* _Description of the task_: Once you find the line with "Das Infrarotpaneel Bilbao" in the data below, transcribe exactly each line from there to the line with "本网讯(新闻中心 周仲寅)7", inclusive, and nothing else. Drop the pictures.

* _Source information_:
Segment Open
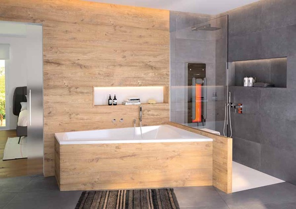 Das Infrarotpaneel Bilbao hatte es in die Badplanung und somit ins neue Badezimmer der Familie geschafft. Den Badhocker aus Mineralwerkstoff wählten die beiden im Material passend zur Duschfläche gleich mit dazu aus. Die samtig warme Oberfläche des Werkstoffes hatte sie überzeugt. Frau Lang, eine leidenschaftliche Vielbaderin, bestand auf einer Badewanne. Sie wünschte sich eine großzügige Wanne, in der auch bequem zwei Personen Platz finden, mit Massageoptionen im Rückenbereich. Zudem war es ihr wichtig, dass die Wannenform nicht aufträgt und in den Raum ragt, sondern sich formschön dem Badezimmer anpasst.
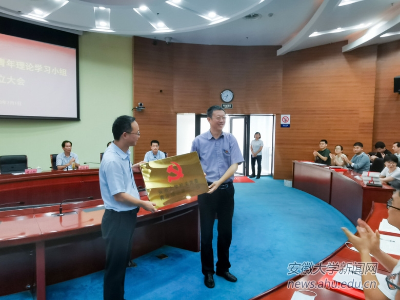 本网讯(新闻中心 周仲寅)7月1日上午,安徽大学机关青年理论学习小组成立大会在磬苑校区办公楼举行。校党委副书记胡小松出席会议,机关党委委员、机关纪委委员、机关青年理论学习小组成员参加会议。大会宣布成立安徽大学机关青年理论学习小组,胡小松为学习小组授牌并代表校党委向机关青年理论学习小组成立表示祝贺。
Segment Closed
Segment Open
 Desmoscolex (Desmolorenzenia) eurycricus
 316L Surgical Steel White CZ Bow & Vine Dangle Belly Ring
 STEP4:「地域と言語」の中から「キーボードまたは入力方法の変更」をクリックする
Segment Closed
Segment Open
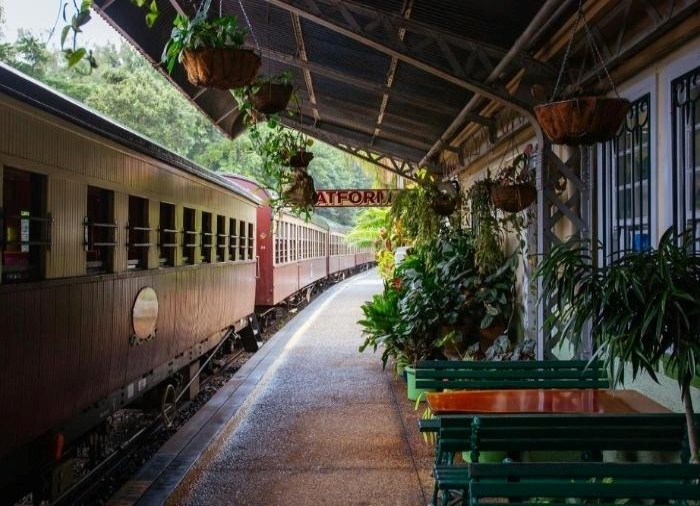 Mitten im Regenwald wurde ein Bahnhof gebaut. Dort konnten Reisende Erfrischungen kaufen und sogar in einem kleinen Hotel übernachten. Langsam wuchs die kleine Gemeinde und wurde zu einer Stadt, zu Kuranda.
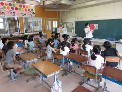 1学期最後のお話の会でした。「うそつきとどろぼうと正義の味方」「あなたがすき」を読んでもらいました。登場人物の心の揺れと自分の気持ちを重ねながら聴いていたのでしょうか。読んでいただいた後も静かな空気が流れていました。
Segment Closed
* _Answer_:
 Das Infrarotpaneel Bilbao hatte es in die Badplanung und somit ins neue Badezimmer der Familie geschafft. Den Badhocker aus Mineralwerkstoff wählten die beiden im Material passend zur Duschfläche gleich mit dazu aus. Die samtig warme Oberfläche des Werkstoffes hatte sie überzeugt. Frau Lang, eine leidenschaftliche Vielbaderin, bestand auf einer Badewanne. Sie wünschte sich eine großzügige Wanne, in der auch bequem zwei Personen Platz finden, mit Massageoptionen im Rückenbereich. Zudem war es ihr wichtig, dass die Wannenform nicht aufträgt und in den Raum ragt, sondern sich formschön dem Badezimmer anpasst.
 本网讯(新闻中心 周仲寅)7月1日上午,安徽大学机关青年理论学习小组成立大会在磬苑校区办公楼举行。校党委副书记胡小松出席会议,机关党委委员、机关纪委委员、机关青年理论学习小组成员参加会议。大会宣布成立安徽大学机关青年理论学习小组,胡小松为学习小组授牌并代表校党委向机关青年理论学习小组成立表示祝贺。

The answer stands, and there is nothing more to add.